Указом прадеда нынешнего императора, Рандарилвана, запрещались все ответвления и искажения, и единственно верной признавалась та ветвь Этри Ллет, в которой вершиной божественного треугольника становилась богиня Солнца Ялатари. Интарха, богиня Луны, стала Дочерью Солнца, чьими потомками считался императорский род, а Краэс, бог Ночи и смерти – темной стороной Солнца. Те из служителей Этри Ллет (а их было большинство), кто не пожелал принять одобренную версию, были казнены и объявлены еретиками. Новые клирики, поставленные на места уничтоженных или изгнанных, вознесенные на верх из низших рангов, провозгласили императора наместником Ялатари и волю его приравняли к божественной.
Весенний праздник всегда устраивался в честь императора и его семьи. Это были торжественные шествия, карнавалы и нехитрые увеселения для народа – гулянья, пляски и песни, ярмарки, выступления циркачей и актеров, а также, разумеется, на закуску – показательная казнь какого-нибудь еретика или государственного преступника.

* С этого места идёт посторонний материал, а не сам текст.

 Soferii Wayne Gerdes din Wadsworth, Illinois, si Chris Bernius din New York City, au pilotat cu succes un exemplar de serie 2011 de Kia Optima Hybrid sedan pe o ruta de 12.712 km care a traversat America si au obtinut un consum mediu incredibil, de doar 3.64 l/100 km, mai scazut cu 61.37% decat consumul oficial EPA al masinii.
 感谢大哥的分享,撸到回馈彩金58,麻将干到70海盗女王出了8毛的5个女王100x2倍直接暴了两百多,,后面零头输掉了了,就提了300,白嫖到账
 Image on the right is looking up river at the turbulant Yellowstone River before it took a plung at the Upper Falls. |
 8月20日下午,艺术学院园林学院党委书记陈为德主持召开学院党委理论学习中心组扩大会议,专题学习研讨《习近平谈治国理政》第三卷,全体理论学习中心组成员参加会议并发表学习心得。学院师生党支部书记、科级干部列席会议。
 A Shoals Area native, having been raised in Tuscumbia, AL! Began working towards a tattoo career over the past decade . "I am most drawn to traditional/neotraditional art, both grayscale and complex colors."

Но в список увеселений первого дня празднеств входило еще одно, что преподносилось лишь немногим избранным, знати и тем счастливчикам, кто сумел добыть приглашение.

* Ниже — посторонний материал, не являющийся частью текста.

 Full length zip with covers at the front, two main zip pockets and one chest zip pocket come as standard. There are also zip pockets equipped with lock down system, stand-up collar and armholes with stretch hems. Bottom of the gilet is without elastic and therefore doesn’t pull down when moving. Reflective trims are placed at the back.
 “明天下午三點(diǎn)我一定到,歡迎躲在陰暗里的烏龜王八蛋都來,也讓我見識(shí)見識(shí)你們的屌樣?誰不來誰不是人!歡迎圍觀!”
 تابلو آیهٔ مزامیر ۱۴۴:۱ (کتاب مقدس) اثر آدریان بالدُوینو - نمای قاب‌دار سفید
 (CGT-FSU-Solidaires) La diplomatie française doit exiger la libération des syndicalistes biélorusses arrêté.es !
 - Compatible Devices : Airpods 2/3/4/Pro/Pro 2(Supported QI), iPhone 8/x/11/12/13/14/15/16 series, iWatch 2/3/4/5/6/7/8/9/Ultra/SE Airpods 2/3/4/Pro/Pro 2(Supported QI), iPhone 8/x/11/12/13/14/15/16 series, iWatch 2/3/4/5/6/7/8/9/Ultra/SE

Это были кровавые представления на Арене, которая являла собой огромное сооружение, вырезанное в склоне холма, напоминающее северо-западные общественные театры: ряды сидений, спускающихся по склонам огромной чаши с ареной вместо донышка, где и проводились кровавые бои. Внизу, возвышаясь над краем арены на высоту человеческого роста, располагались ложи императора, его семьи и высшей знати.
Обычно на арене бились профессиональные бойцы-пинотаоны, чьи выступления стоили очень дорого. Но иногда – хотя бы один раз за вечер – на арену выходили воины-смертники. Рабы. Пленники. Они сражались друг с другом, пока кто-то из них не умирал. Бывало, что победитель получал свободу. Если выживал.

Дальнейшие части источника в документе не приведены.